I wish more game critics had played Halo 4. More specifically, I wish I felt like the people who complain about Halo were at least paying attention to it when they last played it.
I wasn’t at the talk that Ashly Burch gave when she talked about how Master Chief needs to be less stoic and more vulnerable. It’s in the Vault, but not free, so that writeup (which is good) will have to serve as explaining what it was about and what the argument has been turned into. Most of the talk is great, well-researched stuff. Regarding Master Chief though, I was at GDC, so I really wish I had gone to that talk, so that I could’ve raised my hand and said, but, excuse me…
But it seems like everyone has been taking that particular complaint about Chief’s personality at face value ever since it was made, leaving me feeling like I’m screaming into an empty room. But what about Halo 4?
Brendan Keogh wrote an article this week, linked from Critical Distance, about how AAA games are pretty ham-handed when they discuss major, heavy themes. Generally, I agree. But what about Halo 4? I thought, reading over the article. It’s not mentioned. Nobody expects anything like that from Halo.
Before being hired by Microsoft I wrote this post about Halo 4 that I think nobody read or else maybe they read but didn’t agree or it was just making an argument that nobody wanted to hear. See they already made the game about how Master Chief is a bit too stoic and needs to maybe open up a little bit and then they called that game Halo 4. It’s in Halo 4! It’s not buried in an extended universe novel or something from a fan-fic.
In the talk given by Burch and Wiseman, they show a very small clip from the end of Halo 4. It’s very strategic. Homework for game critics: watch the entire ending. If you do, you will actually see Chief vulnerable, and see that one stoic line he delivers about a soldier’s duty is his way of really quite poorly covering what it means for him to mourn. It’s beautifully done, and it’s weird that most everyone who talks about Halo seems to miss this nuance. Maybe Halo 4 was ultimately too subtle in showing Chief’s vulnerability, but the only way to really show this for a hero like Chief is not to change him all at once, but to slowly dismantle his armor piece by piece. As they do, in the clip.
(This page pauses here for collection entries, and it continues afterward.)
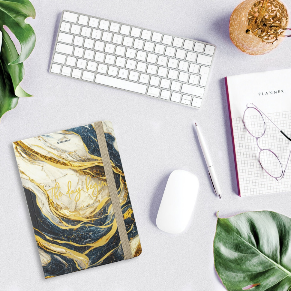 Блокнот с резинкой в клетку 96 л., А5 145х203 мм, твердая обложка с фольгой, BRAUBERG, "Marble", 115536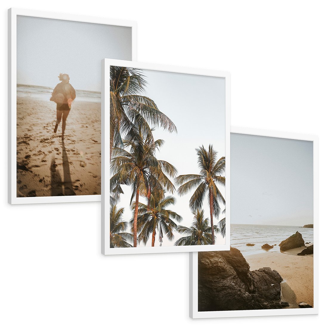 Zestaw obrazy w ramie, plakaty - plaża, palmy, morze - rama biała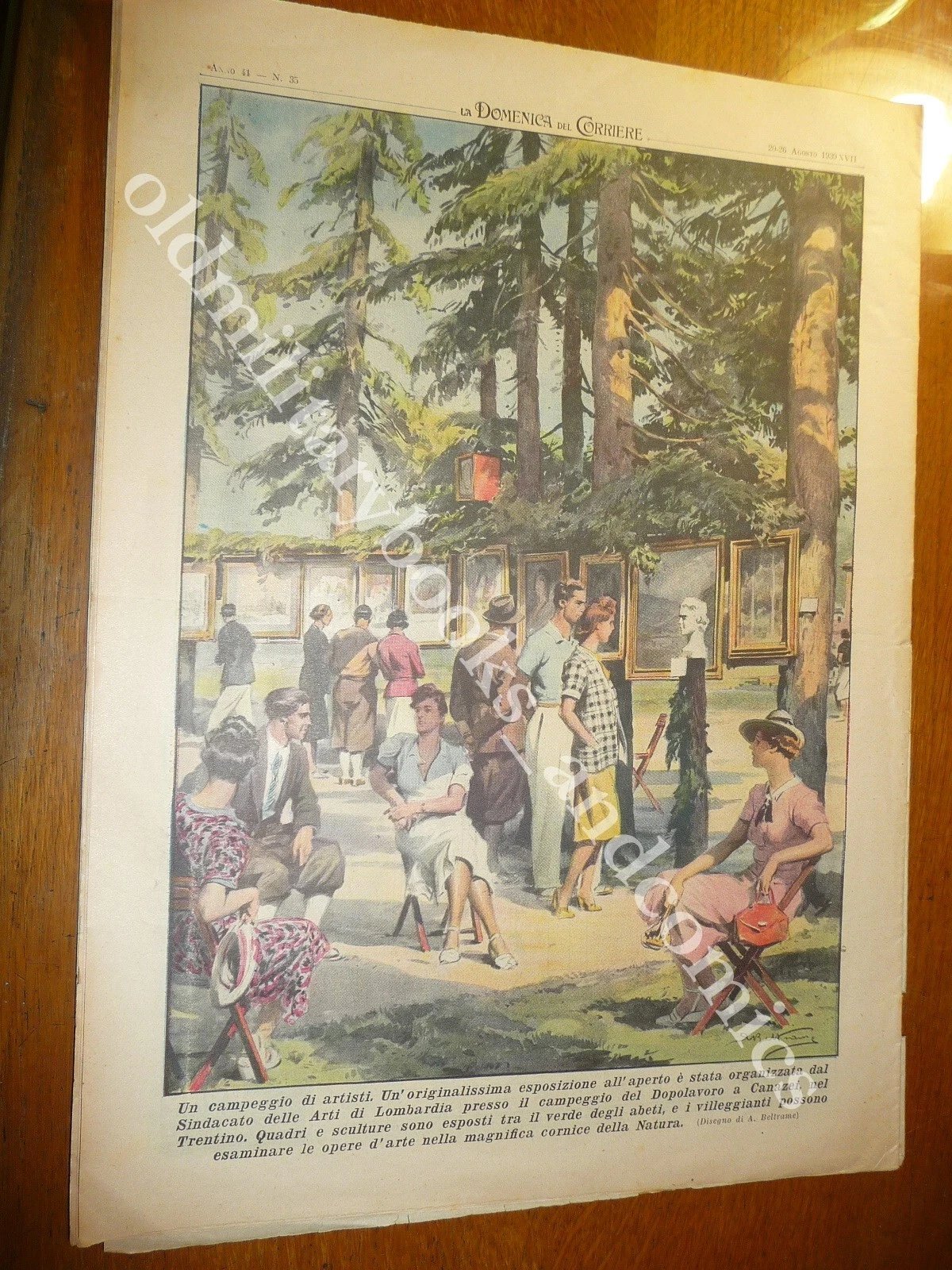 RETRO: Un campeggio di artisti. Un’originalissima esposizione all’aperto è stata organizzata dal Sindacato delle Arti di Lombardia presso il campeggio del Dopolavoro a Canazei, nel Trentino. Quadri e sculture sono esposti tra il verde degli abeti, e i villeggianti possono esaminare le opere d’arte nella magnifica cornice della Natura.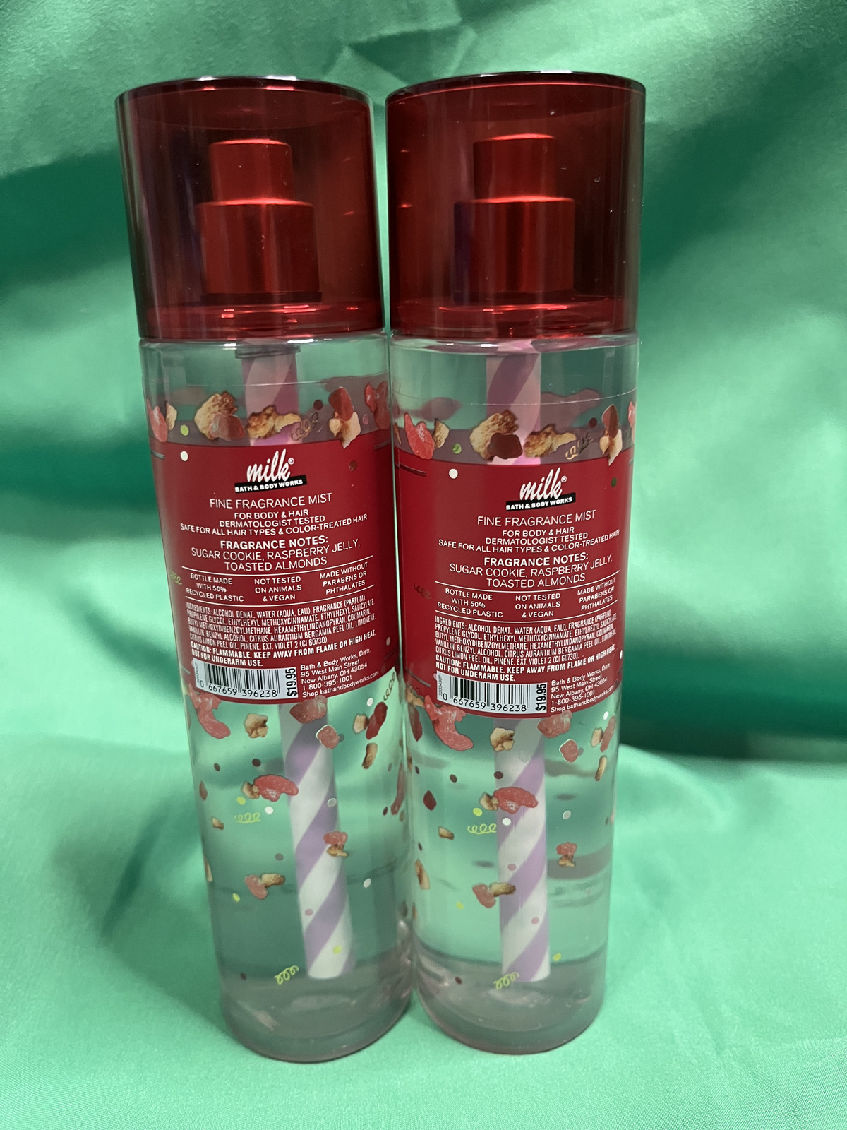 как выглядит 2 Bath And Body Works Milk Raspberry Holiday Pie Bar  8 oz Fine Fragrance Mist фото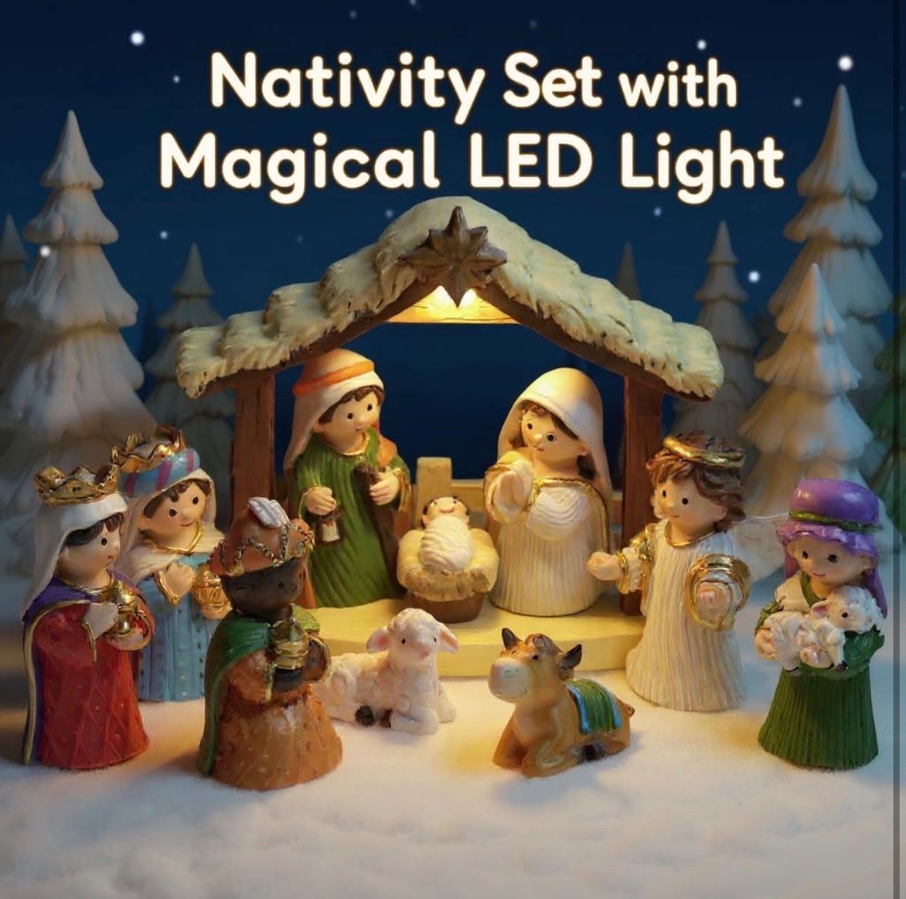 13PC Nativity Set/Christmas Story Set with LED Light - Tabletop Nativity Figurine Set - New Sealed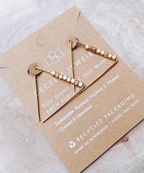 Our Gold Geometric Earring Collection is handmade in Minnesota. You plant one tree with each purchase. These timeless earrings are handmade with 12k gold filled wire and gold plated beads.

Of course I guess the only other observant critical article I found about Halo 4 recently doesn’t like that Halo 4 made Master Chief more vulnerable and mortal. So I guess Chief is going to be a punching bag no matter what. He’s under so much scrutiny to be perfect for everyone that he’s becoming a metaphor for himself: hey Chief, be the perfect hero for everyone, in real life like you have to be in fiction. In that case, a new hero in Halo 5 is totally the right move, something to relieve some of the pressure on Chief to live up to everyone’s impossible standards.
Please note that I do work for Microsoft now and I make my Cortana in my phone call me Chief. Sorry if this post sounds like a fangirl rant. For the argument detailed in a subtler way, read my other, pre-Microsoft, piece.